Style Legacy of Shirin Guild


As the new issue of Archivist launches at Claire de Rouen, we preview
Dal Chodha's profile of designer Shirin Guild, whose instinct for
simplicity established her namesake brand as a powerhouse of 90s
:
fashion

FEBRUARY 02, 2016

TEXT Dal Chodha

LEAD IMAGE Photography by Joachim Mueller Ruchholtz, Styling by Jane Howard

Shirin Guild established her namesake label in London during a period when cross-
cultural style was the dernier cri in international fashion. During the early Nineties,
designers as disparate as Dries Van Noten and Gianni Versace explored
ethnographic narratives, pushing everything from embroidered silks to batik-printed
fabrics into hip wardrobes of the time. The arrival of Guild’s minimalist strand of
ethnic wear in 1991 caused a swell of confident, erudite women to banish these more
ornamental styles in favour of a more fluid, Eastern elegance. Within six years Shirin
Guild became the top-selling designer collection in the venerated department store
Liberty of London, which itself had been something of a temple to Orientalism since
opening in 1875.

In 1997, Guild’s ‘Abba’ coat, jacket and vest, paired with apron-fronted linen trousers,
stood in the middle of the Victoria and Albert Museum as part of an exhibition that
focused on themes of post-war national fashion identity. Her work is part of the
permanent collection there as well as the Brighton Museum & Art Gallery and Fashion
Institute of Technology in New York. Such acquisitions of Guild’s work are astonishing
not for their period, but for how they endure as striking examples of avant-gardist
understatement.

For more than twenty years Guild has enjoyed an almost cultish reputation parallel to
that of another of fashion’s robust advocates for minimalism: the Yugoslavian-born
designer Zoran. Zoran first made his name in the late Seventies in New York,
presenting austere, liquid clothes that had no buttons, snaps or zippers. Today, like
Guild, he operates outside the traditional seasonal calendar, selling directly to
clients, snubbing the anxieties of seasonal trends and internet shopping.

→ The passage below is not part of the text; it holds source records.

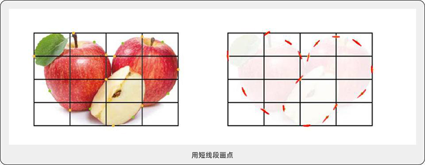 4、根据物体的转折,用短线段画点,注意这个时候线段也有其自身的方向。
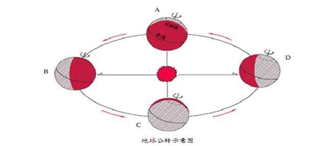 当转到位置D时,北半球阳光斜射,是冬季;南半球阳光直射,是夏季。
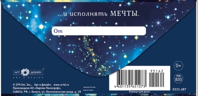 "...un piepildiet sapņus." Dāvanu aploksne ar tekstu aizmugurē.
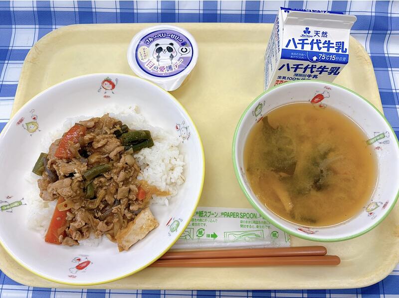 麦ごはん、豚肉丼(具)、さつまいもの味噌汁、目の愛護デーゼリー、牛乳
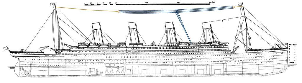 Keywords: Titanic antenne T 01.JPG fr Plan longitudinal du Titanic <br /> Antenne ground plane en T sur le navire Titanic Entre les deux mâts un câble élastique long de 60 m et de couleur bleu l'antenne en T d'une longueur horizontale de 120 m et d'une hauteur du brin verticale de 50 m <br /> L'ensemble entre les deux mâts distants de 183 m sur le navire La hauteur de l'antenne au-dessus des cheminées est de 15 m La longueur horizontale est constituée en quatre fils horizontaux en bronze au silicium d'une longueur de 120 m donc les 2 câbles intérieurs sont écartés de 2 40 m et les 2 câbles extérieurs sont écartés de 1 80 m des câbles intérieurs http //www le-titanic fr/station-de-radio-du-titanic/l-installation-sans-fil-de-marconi-du-titanic/ Titanic L ™installation sans fil de Marconi du Titanic<br /> T-aerials on ships since they could be strung between masts This is the antenna of the RMS Titanic which broadcast the rescue call during her sinking in 1912 It was a multiwire T with a 50 m vertical wire and four 120 m horizontal wires 1911-05-26 File Titanic side plan 1911 png + own F1jmm inconnue anonyme Unknown <gallery> File Titanic side plan with lifeboats png File Titanic side plan 1911 png </gallery> PD-old picture manager bright F1jmm BadJPEG Uploaded with UploadWizard T and inverted L antennas Wire antenna Photos by User F1jmm Titanic plans and diagrams Antenna diagrams |

Between 2000 and 2008 Guild had her own store at 241 Fulham Road in Chelsea,
which held three floors of her distinct aesthetic: world clothing – namely traditional
menswear from her native Iran – reimagined with a modern, reductivist aesthetic in
the finest fabrics. Today the label hosts regular pop-up sales in Marylebone that, after
only a few minutes of opening, become a battlefield of Irish linen, Italian wool and
crisp cotton as Guild’s faithful habitués rummage through the racks, feeding their
discreet brand of modishness.

There is great elegance to minimalism. “I think as we grow we want to have a calmer


life,” Guild says. “I actually think I have always been a kind of minimal person. I like
:
simple things, because to me simplicity is the key to everything. If you go in a straight
line, how can you make a mistake?”

Photography by Joachim Mueller Ruchholtz, Styling by Jane Howard

Born in 1946, Guild grew up in Iran, and lived in London and New York for a time.
Before the Iranian Revolution of 1979, she moved to Los Angeles to settle with her first
husband, with whom she had two sons. It was in Beverly Hills that Guild first
discovered clothes by a group of then-unknown Japanese designers, hanging in a
boutique on Camden Drive. Looking through a photo album from the time, she stops
on a picture of herself wearing a half-sequined, velvet dinner jacket with an
embroidered dragon crawling down the front. “Kansai Yamamoto!” she sighs. “When
I saw Comme, Issey and Yohji’s clothes, the ethnic strand of their work, that was all I
wanted to wear. I wouldn’t say I was ever a maximalist, but I did shop a lot –
although my mind always worked in a minimalist way. I liked straight lines, simple
things with little pattern. No accessories, no jewellery.”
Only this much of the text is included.